PwC’s has analysed the Global Top 100 companies by market capitalisation for the period March-December 2019 as well as for the year to March 31 2020. This dual analysis seeks to provide a clearer picture of how the world’s biggest companies were performing before the COVID-19 crisis created an unprecedented impact on global markets and signs of how they responded in the early days of the crisis.
Ross Hunter, IPO Centre Leader at PwC, says,“In the nine months to 31 December 2019, the Global Top 100’s market capitalisation grew by an impressive 20%, including the boost from Saudi Aramco joining at the top of the list.
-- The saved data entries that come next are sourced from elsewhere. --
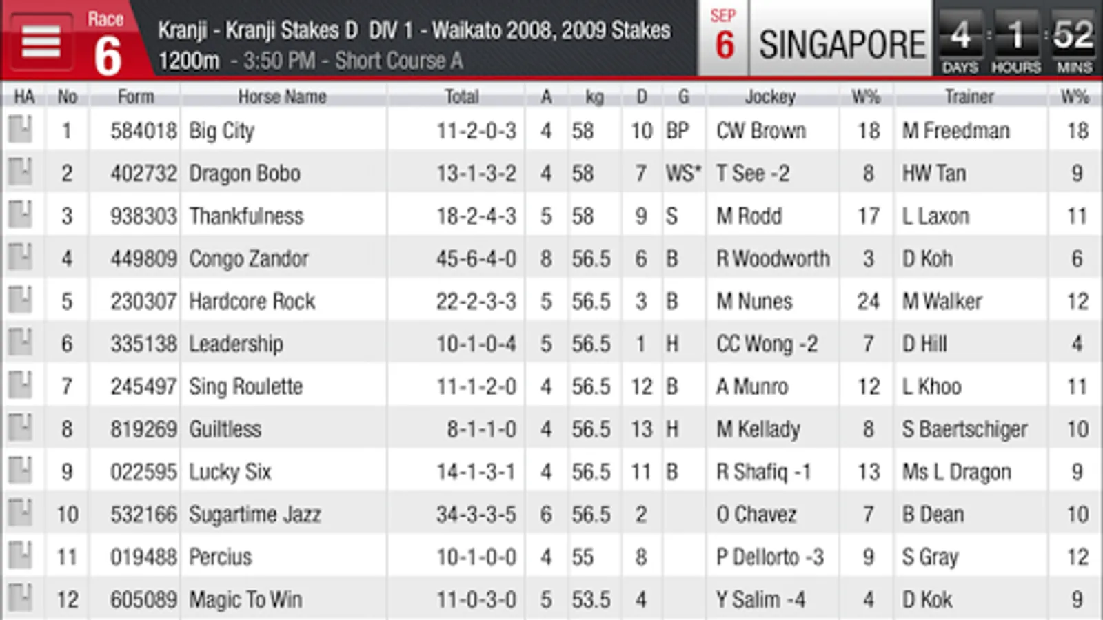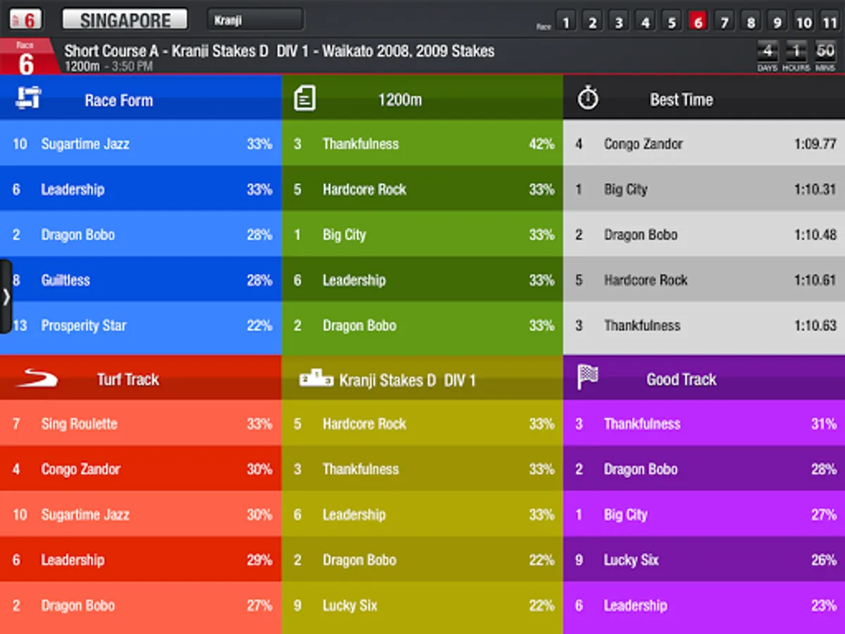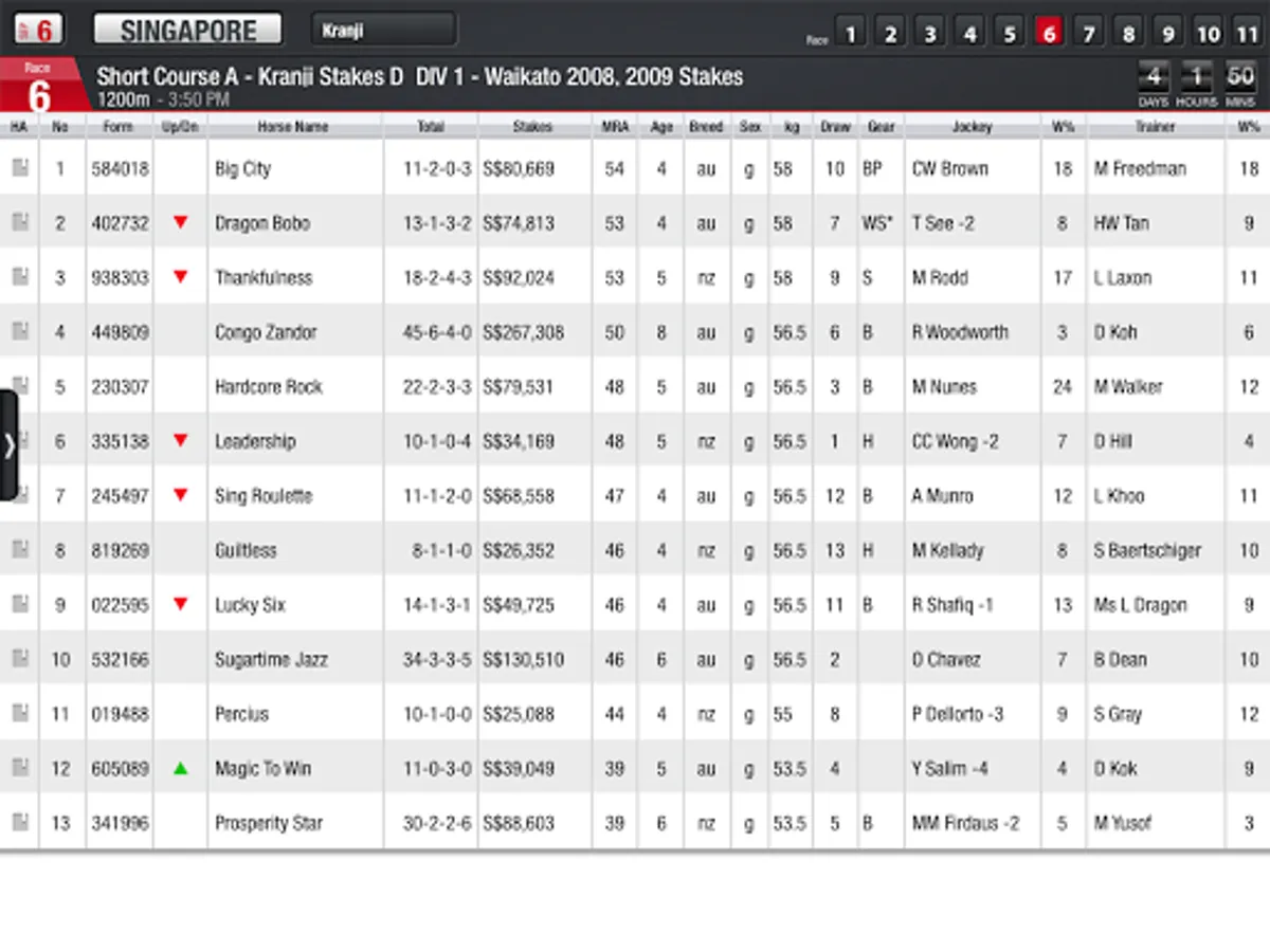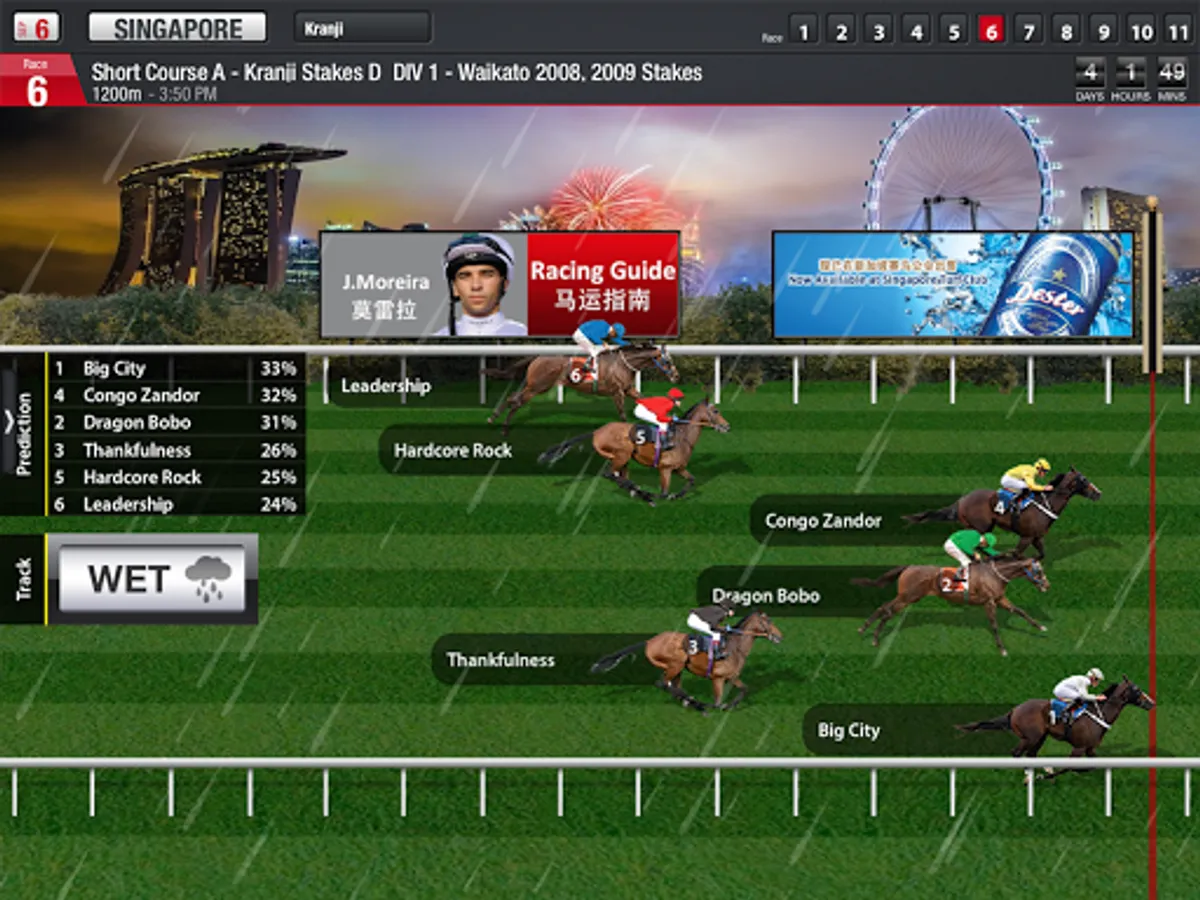 4. Racing information for Singapore, Malaysia, Hong Kong and South Africa.
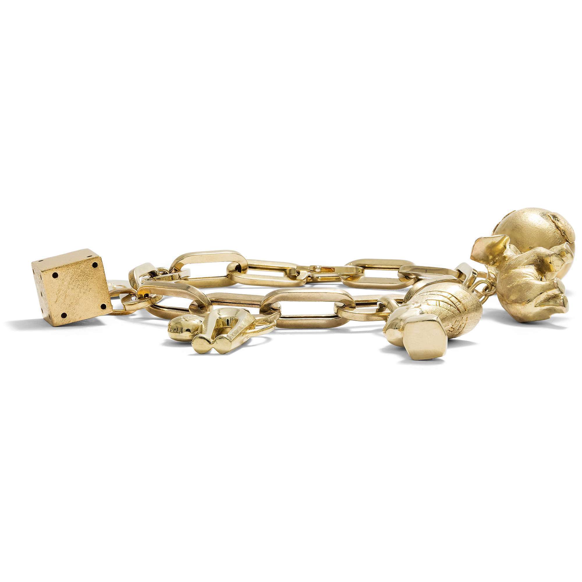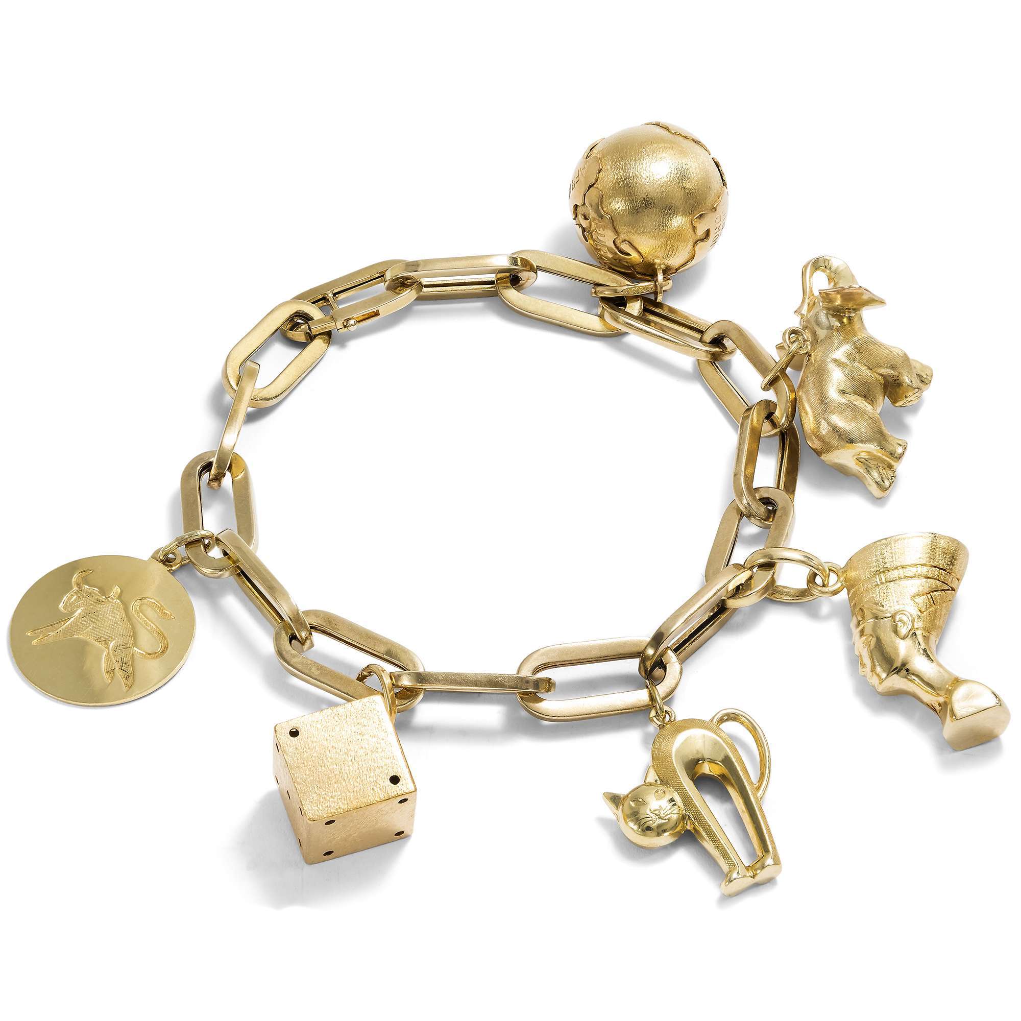 Die sechs kleinen Glücksbringer des hier vorliegenden, kostbaren Armbandes sind ganz verschiedenartiger Natur. Allesamt aus Gold hergestellt und an eine Ankerkette aus Gold gelegt, finden wir eine reiche Fülle von Motiven. So finden sich eine Weltkugel, ein Eelefant, die Büste der Nofretete, eine Katze, ein Würfel sowie eine runde Plakette mit dem Sternzeichen Stier.
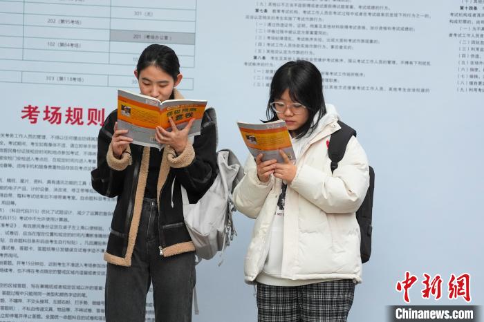 圖為考生在考場外抓緊復(fù)習(xí)。中新社記者 楊華峰 攝
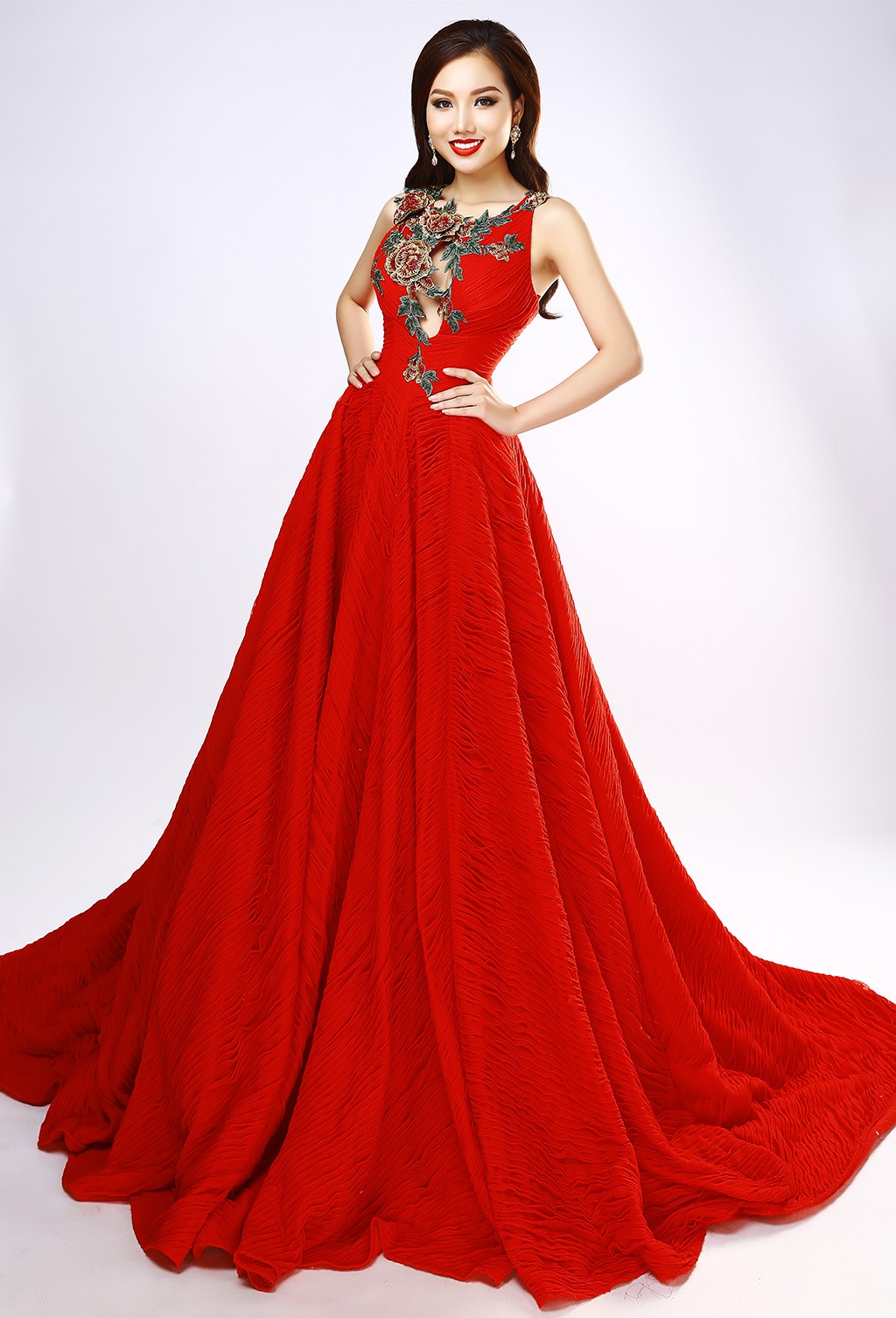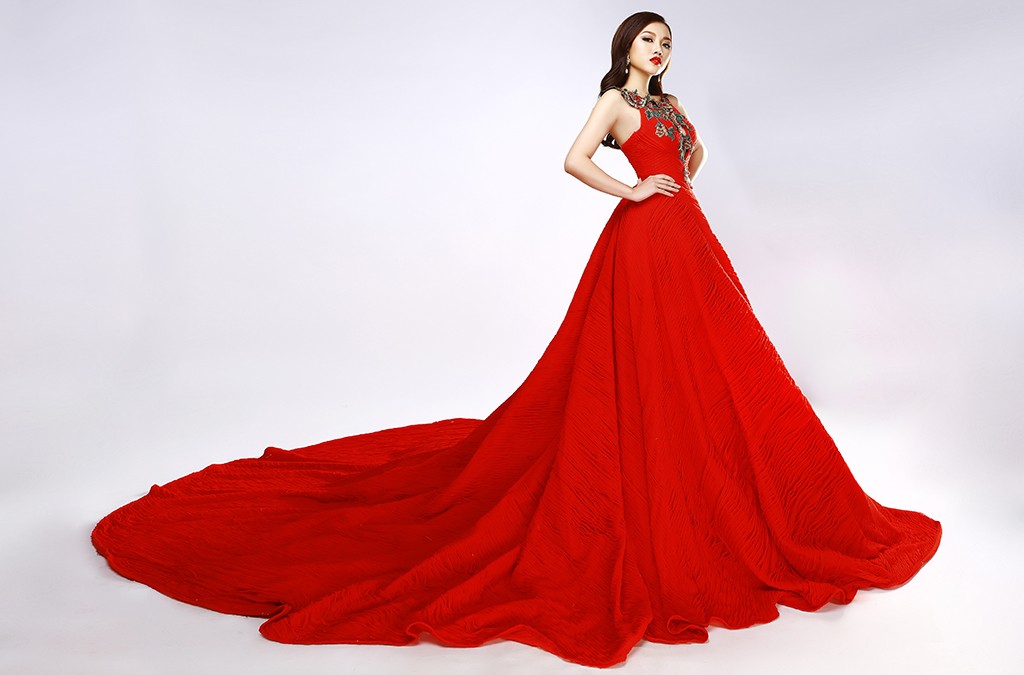 Trong bộ ảnh mới nhất, Hoàng Thu Thảo quyết định chọn những bộ váy đỏ rực rỡ của hai nhà thiết kể nổi tiếng là Đỗ Mạnh Cường và Lê Long Dũng.

In the following three months, whilst their overall value fell 15%, the companies within the Global Top 100 outperformed their industry indices, an early indication that investors value the defensive qualities of larger companies and their scope to both come through the crisis and invest in the post COVID-19 world.”
How different companies performed
Saudi Aramco joined the Global Top 100 this year in first place having undertaken the largest IPO in history in December 2019, and has retained this position since then.
Even with COVID-19 disruption, the market capitalisation of Microsoft and Apple each exceed $1tn as of March 2020. Amazon was valued at $971bn as of 31 March 2020 but has since exceeded the $1tn mark due to a surge in demand for online shopping created by movement restrictions put in place as a measure to contain COVID-19.
Only ten companies in the Global Top 100 saw an increase in market capitalisation from December 2019 to March 2020. These companies included:
- Netflix moving from being a top ten faller from March to December 2019 (market capitalisation -9%) to the second biggest riser through to March 2020 (+16%)
- Tesla which entered the Global Top 100 and was a top ten riser in both periods, with its market capitalisation doubling to $96bn
All regions experienced an increase in market capitalisation of the companies included in the Global Top 100 until December 2019, after which gains were wiped out in every country (excluding Saudi Arabia).
European companies in the Global Top 100 experienced the most significant reduction in relative terms in the three months to March 2020, with market capitalisation decreasing by 25% ($956bn).
UK companies in the Global Top 100, with a relatively high Oil & Gas sector weighting, gained a moderate 2% in March to December 2019, before seeing a 28% reduction in market capitalisation to March 2020.
The US continues to dominate the Global Top 100 in terms of number of companies in the list and market capitalisation, albeit with a $2,204bn (14%) reduction from December 2019-March 2020.
China and its regions, the second largest contributor to the Global Top 100 with 14 companies, lost one company in the year, widening the gap with the US.